## Supplied entries
•••••
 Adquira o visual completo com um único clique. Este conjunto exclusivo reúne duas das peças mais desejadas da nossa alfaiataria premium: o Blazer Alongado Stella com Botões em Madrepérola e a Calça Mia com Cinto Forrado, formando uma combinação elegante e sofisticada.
•••••
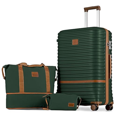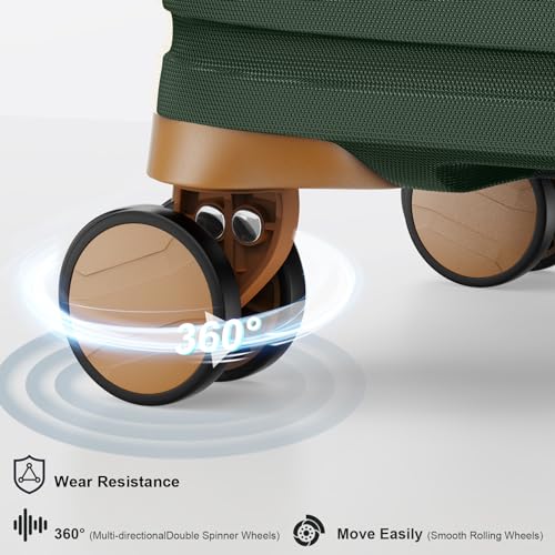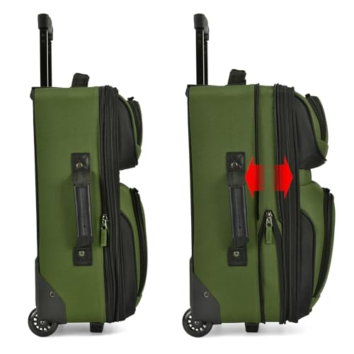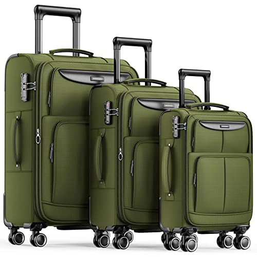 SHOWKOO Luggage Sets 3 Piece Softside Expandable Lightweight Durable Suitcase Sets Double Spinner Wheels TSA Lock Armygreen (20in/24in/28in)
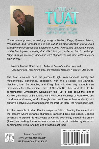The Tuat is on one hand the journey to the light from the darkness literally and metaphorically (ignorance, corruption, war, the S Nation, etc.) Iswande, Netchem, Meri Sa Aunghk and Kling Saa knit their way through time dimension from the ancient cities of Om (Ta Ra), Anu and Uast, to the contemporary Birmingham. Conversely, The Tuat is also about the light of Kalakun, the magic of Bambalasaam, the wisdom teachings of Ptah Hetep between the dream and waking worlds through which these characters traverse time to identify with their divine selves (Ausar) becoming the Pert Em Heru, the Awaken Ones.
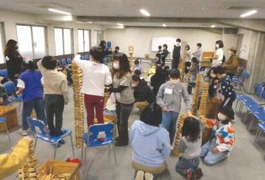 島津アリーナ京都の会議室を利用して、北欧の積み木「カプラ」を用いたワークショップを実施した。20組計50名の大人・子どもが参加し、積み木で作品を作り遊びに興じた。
•••••
## Exercise
Above are the records; restate exactly the lines from the one containing "SHOWKOO Luggage Sets" through the one containing "島津アリーナ京都の会議室を利", keeping pictures out.

## Exercise solution
 SHOWKOO Luggage Sets 3 Piece Softside Expandable Lightweight Durable Suitcase Sets Double Spinner Wheels TSA Lock Armygreen (20in/24in/28in)
The Tuat is on one hand the journey to the light from the darkness literally and metaphorically (ignorance, corruption, war, the S Nation, etc.) Iswande, Netchem, Meri Sa Aunghk and Kling Saa knit their way through time dimension from the ancient cities of Om (Ta Ra), Anu and Uast, to the contemporary Birmingham. Conversely, The Tuat is also about the light of Kalakun, the magic of Bambalasaam, the wisdom teachings of Ptah Hetep between the dream and waking worlds through which these characters traverse time to identify with their divine selves (Ausar) becoming the Pert Em Heru, the Awaken Ones.
 島津アリーナ京都の会議室を利用して、北欧の積み木「カプラ」を用いたワークショップを実施した。20組計50名の大人・子どもが参加し、積み木で作品を作り遊びに興じた。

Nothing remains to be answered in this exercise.